2 entry daha
  • günümüz ilişkilerinin pek çoğunda gözlemlenebilen bağ. sağlıklı bir aile ortamında, ebeveynlerinden gerekli bakımları alarak güvenli bağlanmayla tanışmış bir avuç insanı hariç tutarsak geriye kalan duygu gazileri olarak hepimiz hayatımızın bir döneminde mutlaka bu bağı kurmuşuzdur.

    bu bağın hüküm sürdüğü ilişkilerde, ilişkinin başındaki ve klasikleşen ayrılık döngüsünün barışma faslındaki güzel zamanları çıkarınca ortada nükleer atıktan farksız bir melanet kalır. düşman götüne diyebileceğimiz bu saçmalığın en büyük sebebi hissedilen keskin suçluluk duygusudur. sonucunda da derin bir huzursuzluk çöreklenir. bu suçluluk duygusu ilişki esnasında oluşmaz. uyandırılmak üzere bekleyen bir godzilladır. yüzeye çıkıp ortalığı tarumar etmesi için tetiklenmesi yeterli. tetiklenmesine sebep olanlar da en başta tohumları atılırken yaşananlarla ilgili. geçmişte eksik ya da yanlış olan her neyse buradan beslenir.

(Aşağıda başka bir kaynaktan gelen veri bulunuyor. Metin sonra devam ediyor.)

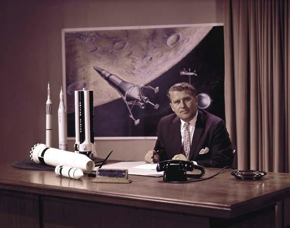 Wernher von Braun (1912–1977) ve své pracovně; za povšimnutí stojí jeden z návrhů lunárního plavidla na plakátu.

    örneğin bağımlılık örüntülerine sahip biri için kontrolcü, baskıcı, aşırı kıskanç tavırlar cazip gelir. geçmişte terk edilme öyküsü yaşandıysa cezalandırma, yoksun bırakma, görmezden gelme temel uyaranlardan. kusurluluk hâkim olduğunda yüksek doz eleştiri, küçümseyici söylemler, yetersiz hissettiren davranışlar olmazsa olmaz. bu şekilde daha pek çok şema ve her birinin de kendi dağına göre karı var. travma bağının kurulabilmesi için geriye sadece bu karları çığa çevirecek partner seçimi kalır. arkadaş, sevgili, eş ya da ihtiyaç duyduğu her neyse kişi eliyle koymuş gibi bulur. sonra gelsin kaos, kan ve gözyaşı.

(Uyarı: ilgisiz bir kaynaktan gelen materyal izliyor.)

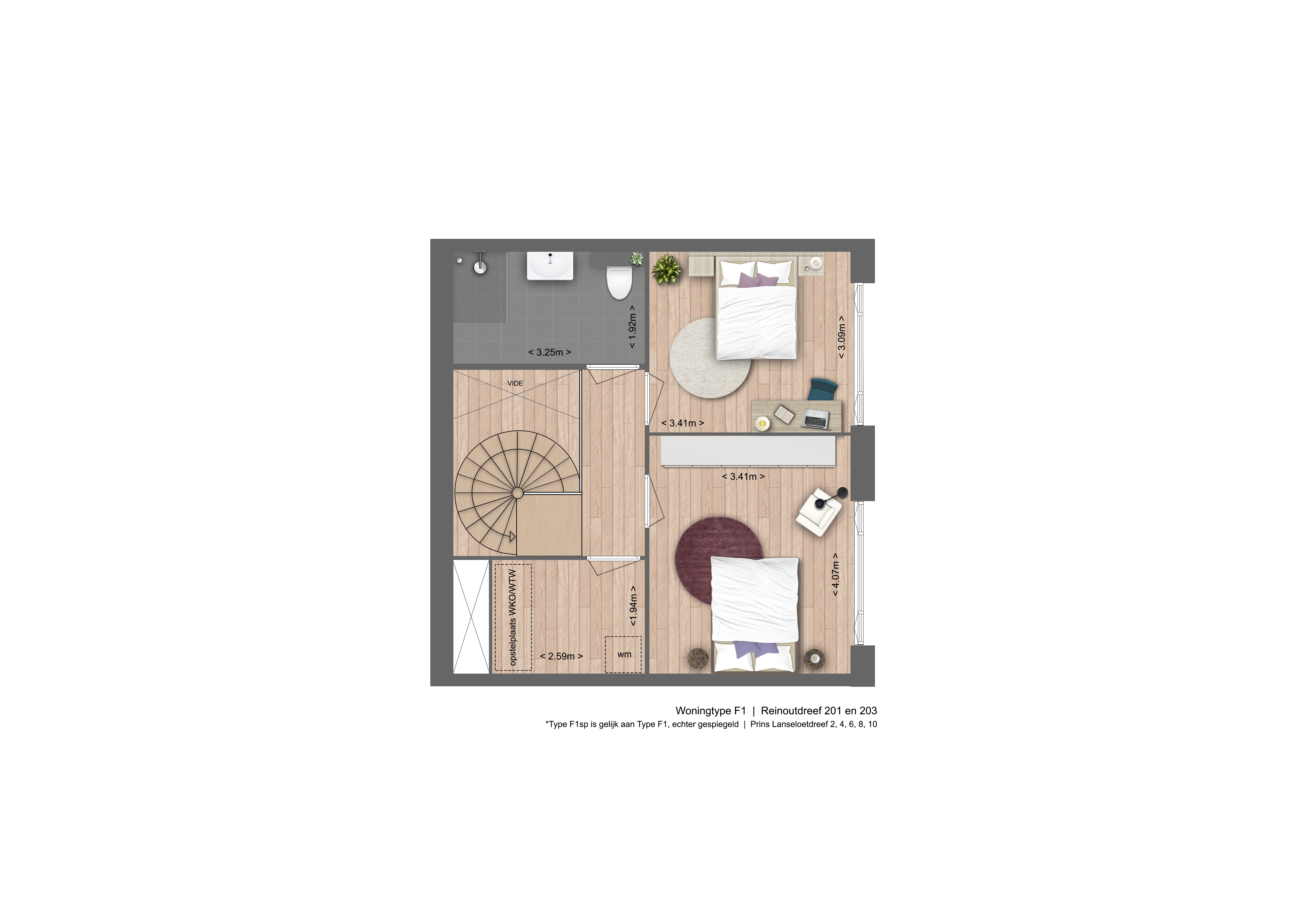 De tweede verdieping bereik je ook via de spiltrap. Hier vind je twee comfortabele slaapkamers en een moderne badkamer met een douche, wastafel en tweede toilet. Daarnaast is er een aparte ruimte met een wasmachineaansluiting en plek voor de warmte-koude installatie en de warmteterugwininstallatie.

    bağın koparılması fazlasıyla zordur. kişiler henüz ilk sinyaller verildiğinde yolunda gitmeyen bir şeyler olduğunu hisseder. ancak bu his fazlasıyla tanıdıktır. daha önce de bu yolda yürünmüş ve başarısız olunmuştur. aynı yolu tekrar yürüyüp başarısızlığı ortadan kaldırma, yanlışları telafi etme dürtüsü baskın gelir. travmaları atlatmanın yolunun, aynı şeyleri sil baştan tekrar yaşayıp farklı sonuçlanmasını beklemekten geçtiğine inanılır. bilinçaltının bu tatsız şakası hiç güldürmez. ilişki bir noktadan sonra ilişki olmaktan çıkıp kişinin kendiyle olan mücadelesine döner, tüm kötülüğüne rağmen varlığını korur. artık karşıdaki kişinin bir önemi yoktur. o sadece sonu daha önce görülen filmin yeni uyarlamasında rol alan bir aktör/aktris olarak boy gösterir. farklı insanlarla aynı süreçlerin tekrar tekrar yaşanması da yineleme zorlantısı olarak adlandırılır. ilişkilerinde hep yanlış insanlara denk geldiğini düşünenlerin hapsolduğu bir yanılgı.

    travma bağını sonlandırmak için öncelikle ortadaki yanlışlığı kabul etmek gerek. gidilen yolun yol olmadığı, uçurumdan atlamadan da sorunların üstesinden gelinebileceğine ikna olmak lazım. ön kabulle beraber konu hakkında bilinçlendikçe doğru çözümlerin üretilmesi mümkün. bunun için de ilk etapta profesyonel destek şart. devamında doğru kaynaklardan bilgi akışını sürdürmek mühim. karamsarlığa kapılmadan, umutsuzluğa yenik düşmeden ilk adımlar atılsın ki güzel günler sizi beklesin. kalbiniz nur, eviniz huzur dolsun. travmasız bağlarınız kutlu olsun.